We need the wolves to return, and maintain some semblance of balance. A few geeks will be messily devoured by the pack along the way, but that’s the whole point. Return the wolves, and let the geek be niche again. Trust me: we do not need another Avengers movie. You will not miss it as much as you think you do.

If you’re reading this, you can help. If you see a man with unfortunate taste in headwear arguing in a Starbucks about how his Firefly fanfic is the obvious choice for a jumping off point to season two and how if Joss Whedon would just return his emails he could begin the Kickstarter tomorrow?
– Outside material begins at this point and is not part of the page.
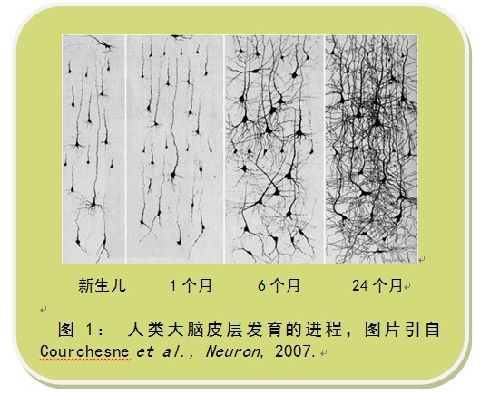 大脑的功能依赖于精确神经网络的建立。一个刚刚出生的婴儿已经拥有了几乎她/他未来大脑中的所有神经细胞(即神经元),然而这些神经元之间的连接还没有完全形成。外界因素,特别是来自环境的各种感觉刺激,对发育早期大脑中神经元的生长与功能性连接的形成(即突触的形成)至关重要。在人类的大脑皮层,这个过程一般在出生后的几年内完成(如图1),而在生长周期更快的小鼠中则可在几周内完成。已有很多工作研究了感觉刺激对大脑皮层发育与功能的影响,例如视觉的剥夺会导致视皮层(即主要处理视觉信息的大脑皮层区域)神经网络功能的减弱。除此以外,感觉剥夺还可以跨模态地影响其它脑区的功能,如失明的人可能有更灵敏的听觉。前人关于跨模态可塑性的研究主要集中在成年的个体上。在发育早期是否有同样或者不同类型的跨模态可塑性是未知的。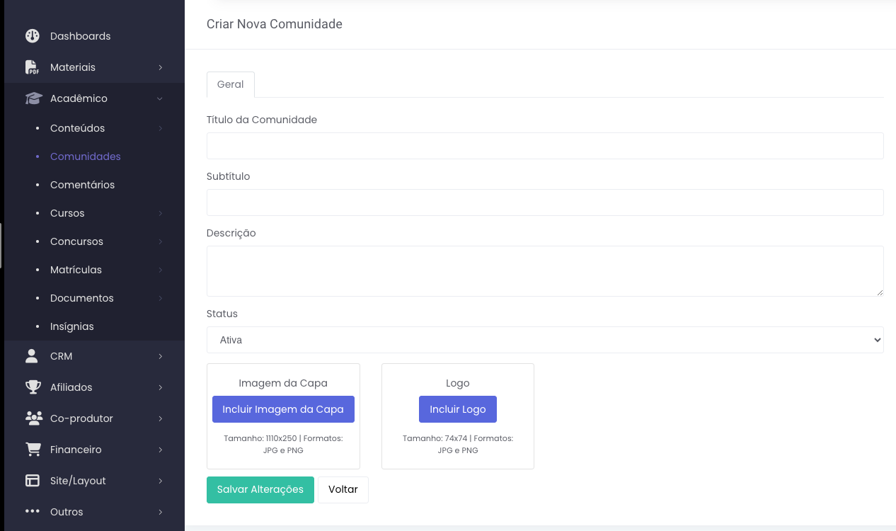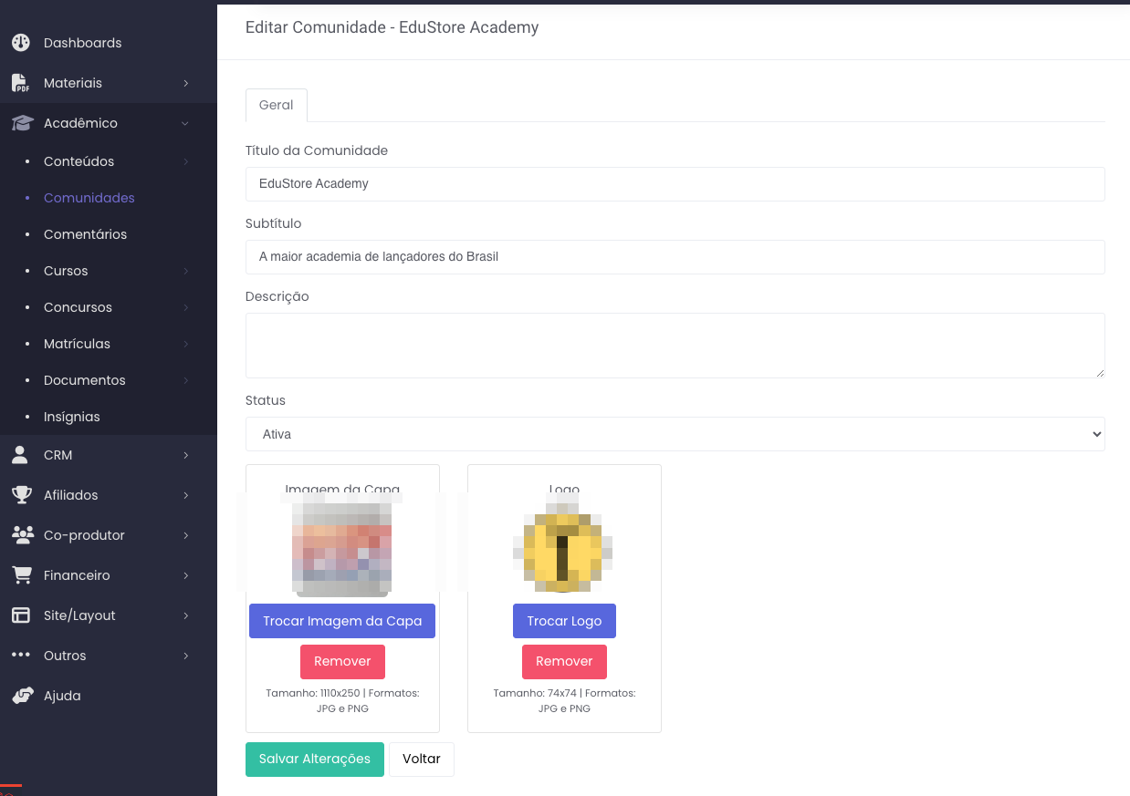 Ao executar a ação de editar uma comunidade específica, serão exibidos os campos que podem ser alterados. Caso já exista uma capa ou logo associada, será possível visualizar as imagens atuais, com opções para removê-las ou substituí-las, se necessário. Isso permite flexibilidade para atualizar informações e personalizar a comunidade conforme as necessidades.

You put that gentleman in a headlock, take his stupid hat, and tell him he can’t have it back until he shouts “Picard sucks!” Lift his shirt, and engage in the ancient martial rite of pinkbelly. Stick his head in a toilet (a clean one—let’s not be cruel, here) and flush.

Do something, for god’s sake: you have a responsibility.

Now, I know what a lot of you former and current jocks might be wondering. You’re wondering if I’m asking you, a grown man, to swirly another grown man based solely on his hobbies and interests, however obnoxious?


“But Phil, I’m not the guy you knew before. I’m a 35 year old man with a family, a house, and successful career.”

That’s great. But that 35 year old over there in the Goku wig just threatened to kill someone’s entire family if he didn’t get a crate of Szechuan sauce.

“Is the sauce that good?”

I have no idea. He has no idea. This time last year he’d never even heard of it. But a cartoon told him he should love it. That guy needs balance. And maybe, just maybe: an Indian burn could provide some.